● Your goal
Below, find the line containing "9月14日(土),大原野少年" and the line containing "CONNECT IT NEO"; reproduce exactly those two and every line between them, omitting pictures.

● Supplied material
—————

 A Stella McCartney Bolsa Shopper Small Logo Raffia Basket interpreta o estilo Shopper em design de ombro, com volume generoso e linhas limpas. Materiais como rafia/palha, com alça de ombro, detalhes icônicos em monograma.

—————

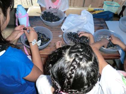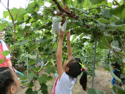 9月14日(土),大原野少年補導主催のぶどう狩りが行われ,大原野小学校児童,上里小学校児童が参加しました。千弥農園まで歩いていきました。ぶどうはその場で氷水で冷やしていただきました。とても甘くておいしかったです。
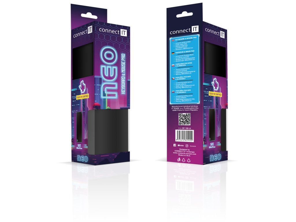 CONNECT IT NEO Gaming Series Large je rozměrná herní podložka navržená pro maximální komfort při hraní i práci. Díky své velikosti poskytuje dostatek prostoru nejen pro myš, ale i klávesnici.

—————

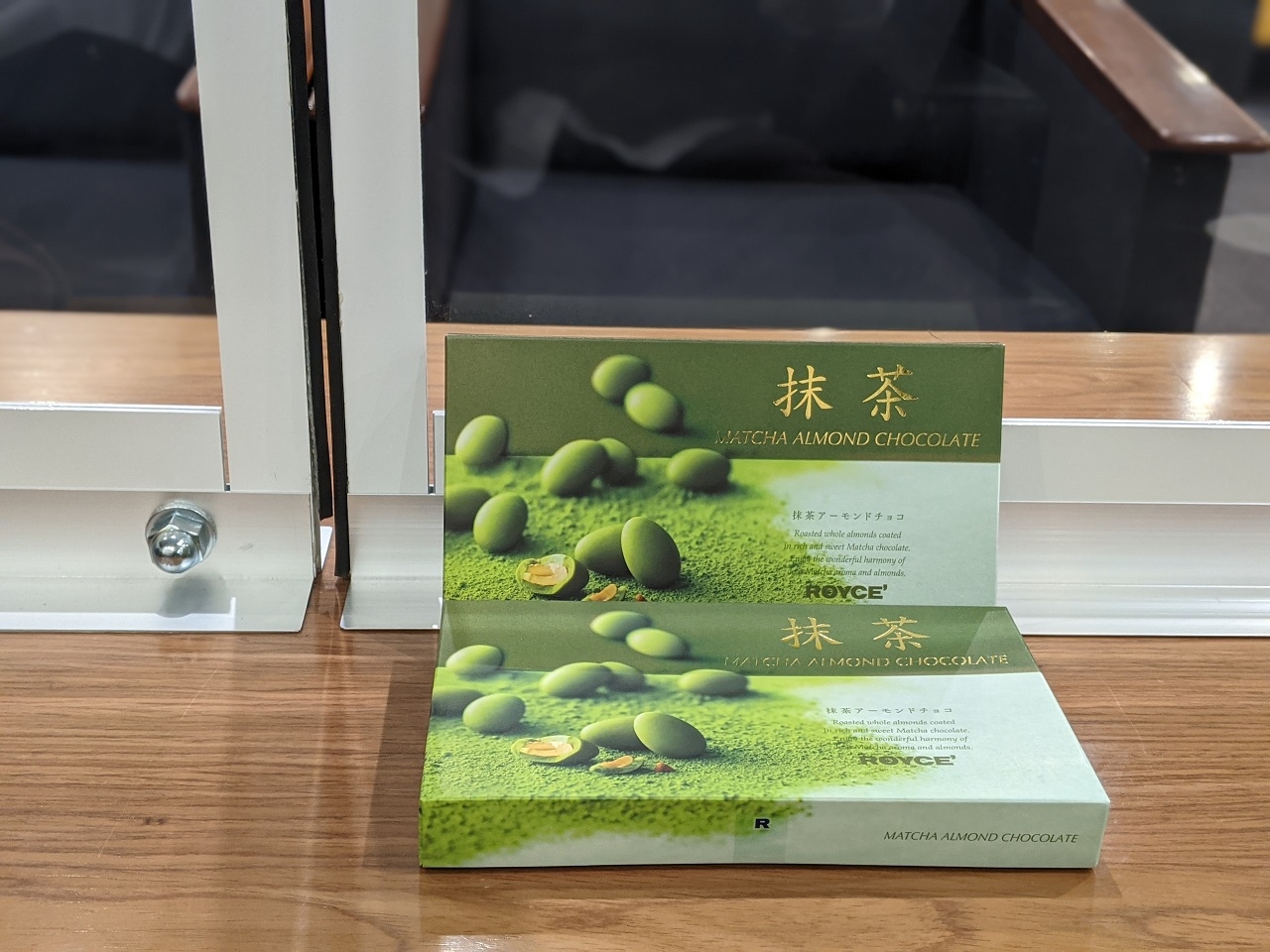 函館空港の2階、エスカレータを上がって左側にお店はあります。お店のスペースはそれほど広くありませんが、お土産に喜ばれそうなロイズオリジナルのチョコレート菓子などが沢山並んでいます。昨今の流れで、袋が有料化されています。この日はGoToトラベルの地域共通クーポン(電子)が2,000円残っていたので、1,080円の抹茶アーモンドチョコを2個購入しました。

—————

● The completed task
 9月14日(土),大原野少年補導主催のぶどう狩りが行われ,大原野小学校児童,上里小学校児童が参加しました。千弥農園まで歩いていきました。ぶどうはその場で氷水で冷やしていただきました。とても甘くておいしかったです。
 CONNECT IT NEO Gaming Series Large je rozměrná herní podložka navržená pro maximální komfort při hraní i práci. Díky své velikosti poskytuje dostatek prostoru nejen pro myš, ale i klávesnici.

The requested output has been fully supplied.